A question I get from time to time is “How to I detect or find the pages on my WordPress site that people don’t visit?”. Where it’s important to know where your traffic actually end up, on some occasions there might be of interest to know what part of your site that are invisible to the world.

This is how I recommend doing it, which is a pretty straight forward approach using only a few tools.

  • Two subsets of data, one from the CMS and one from Google Analytics
  • Excel
  • A cup of coffee

1. Find all the pages on your site

The first thing that needs to be done is to get hold of a complete list of URLs that you actually have on your site. This can be done in numerous ways, all pending what kind of CMS and/or tools you have available to you.

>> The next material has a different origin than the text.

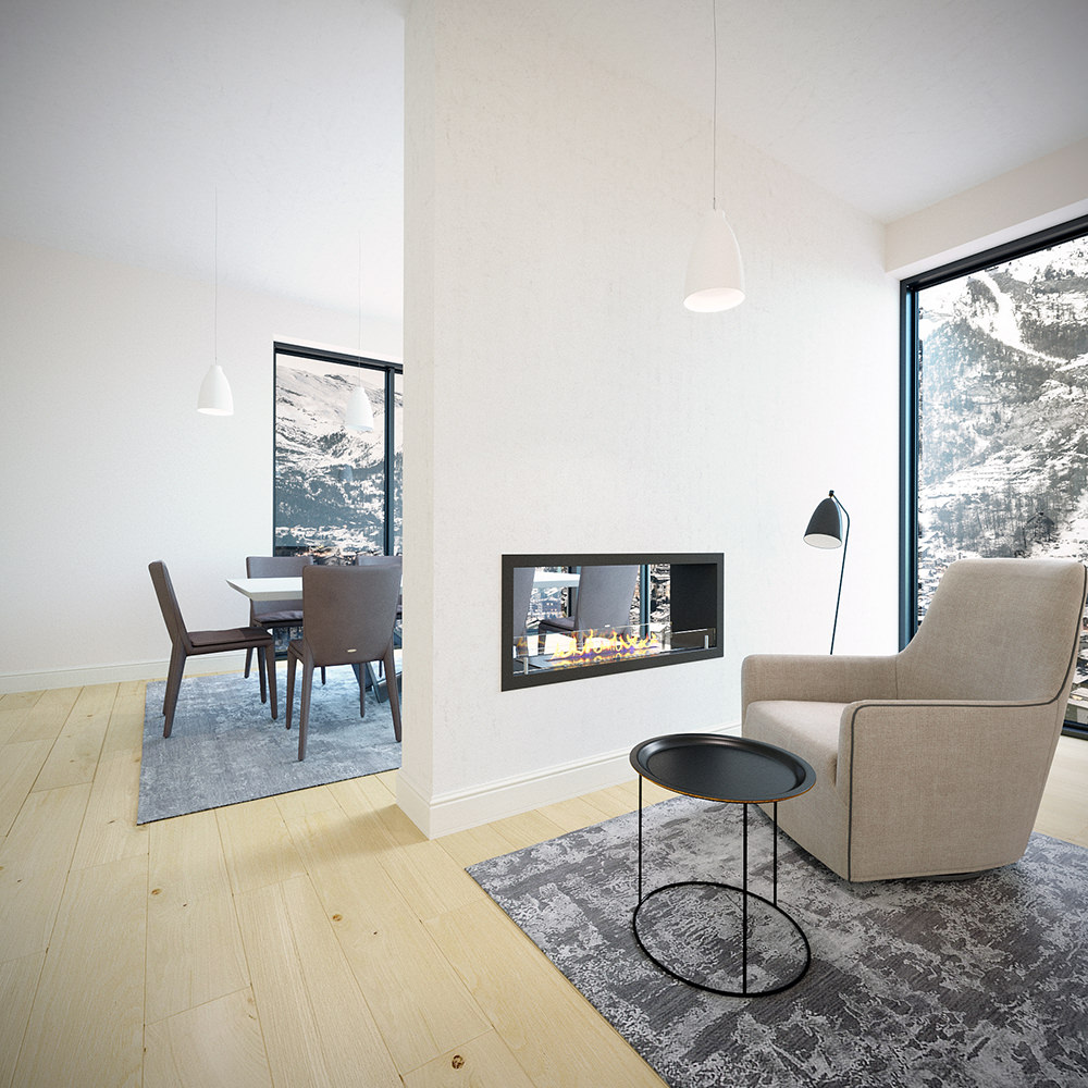 - Тип биокамина: Встраиваемый сквозной

If you are running a site on WordPress, I’d recommend having a look at one of these approaches. The first one requires you to have FTP-access to you site, which is something you should have if you don’t have the cheapest web host service around.

I did some minor alterations to the code found on http://pastebin.com/qEMbQ8Xj to suit or results better, so the finalized version is as follow, where I’ve removed the post title and type, since we really don’t need that information.

[php]posts;

header(‘Content-type:text/plain’);
foreach($posts as $post) {
switch ($post->post_type) {
case ‘nav_menu_item’:
break;
case ‘page’:
$permalink = get_page_link($post->ID);
break;
case ‘post’:
$permalink = get_permalink($post->ID);
break;
default:
$permalink = get_post_permalink($post->ID);
break;
}
echo “\n{$permalink}”;
}
?>[/php]

You should save this code into a file named something temporary, I went for test.php, and upload it to your domain so that it’s reachable from a browser. I used the data for one of my other domains where I post a lot of photography, so it would be guess that people don’t always find the old stuff.

I went to myotherdomain.se/test.php and got a nice list of URLs looking like this:

[code]
http://www.carlbomfoto.se/product/surf-cruiser/
http://www.carlbomfoto.se/bilder-fran-aik-spelarbussmottagning-2015/
http://www.carlbomfoto.se/fototrooper/
http://www.carlbomfoto.se/birka-finsmakare/
http://www.carlbomfoto.se/till-sjoss/
http://www.carlbomfoto.se/nar-dottern-blir-fotonord-pa-riktigt/
…and so on…
[/code]

Just copy/paste that result into an empty sheet in Excel. We now have some raw data we can use to compare the other dataset with.

If you don’t have the possibility to upload a file via FTP to your domain, and have quite small site I would recommend having a look at one of my go to SEO crawlers that comes in a free limited version; the Screaming Frog SEO Spider.

Screaming_Frog_SEO_Spider_3_3_-_Crawl_Mode

 

This will give you the same set of data, and all you have to do is export it into Excel.

Biggest difference in these two is that the former will only give you actual posts and pages, whereas the latter will give you an index of tags and categories as well. This is all pending your needs. You can always rewrite the first piece of php code to show everything as well.

2. Get the data from Google Analytics

All we really have to do here is to export the data from Google analytics for the date range we want to look at.

Pages_-_Google_Analytics

 

Just head over to the report found at Behaviour -> Site Content -> All Pages and select the date range you’re interested in.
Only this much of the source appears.